◆ DATA EXCERPT ◆
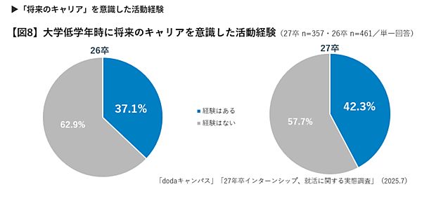 大学1・2年生時に「将来のキャリアを意識した活動」をした経験があるかという質問では、「経験あり」が42.3%となり、26卒比で5.2ポイント増加。理由としては、「働くイメージを持つのに役立つと思ったから」、「やりたい仕事について考えたかったから」など、仕事への前向きな意見が多く見られた。
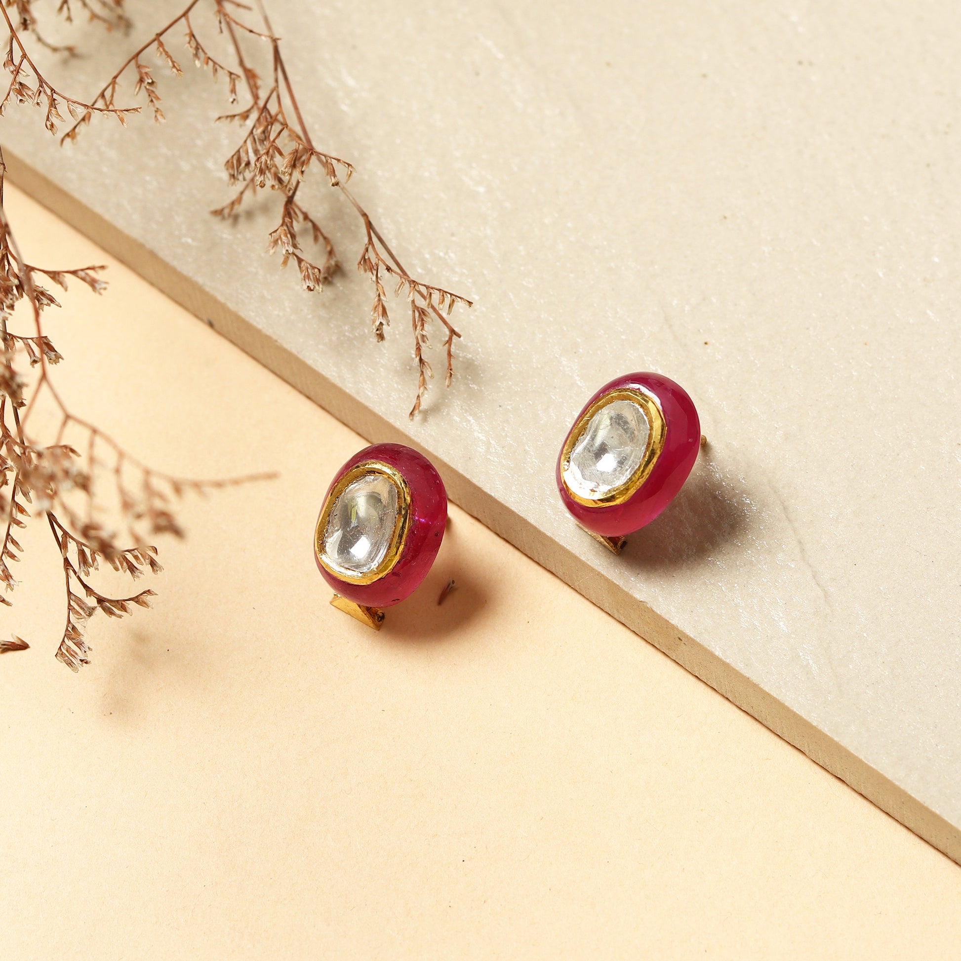 Gold Jadau Polki & Ruby Earrings
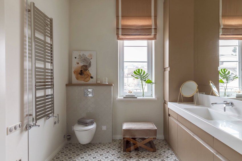Helpful advice! The area under the bathroom can be used for practical purposes by organizing a storage system there with the installation of shelves that will be hidden behind sliding screens.

◆ EXERCISE REQUIREMENTS ◆
Exactly as they appear above, print all the lines, but not the pictures.

◆ RESULT OF THIS EXERCISE ◆
 大学1・2年生時に「将来のキャリアを意識した活動」をした経験があるかという質問では、「経験あり」が42.3%となり、26卒比で5.2ポイント増加。理由としては、「働くイメージを持つのに役立つと思ったから」、「やりたい仕事について考えたかったから」など、仕事への前向きな意見が多く見られた。
 Gold Jadau Polki & Ruby Earrings
Helpful advice! The area under the bathroom can be used for practical purposes by organizing a storage system there with the installation of shelves that will be hidden behind sliding screens.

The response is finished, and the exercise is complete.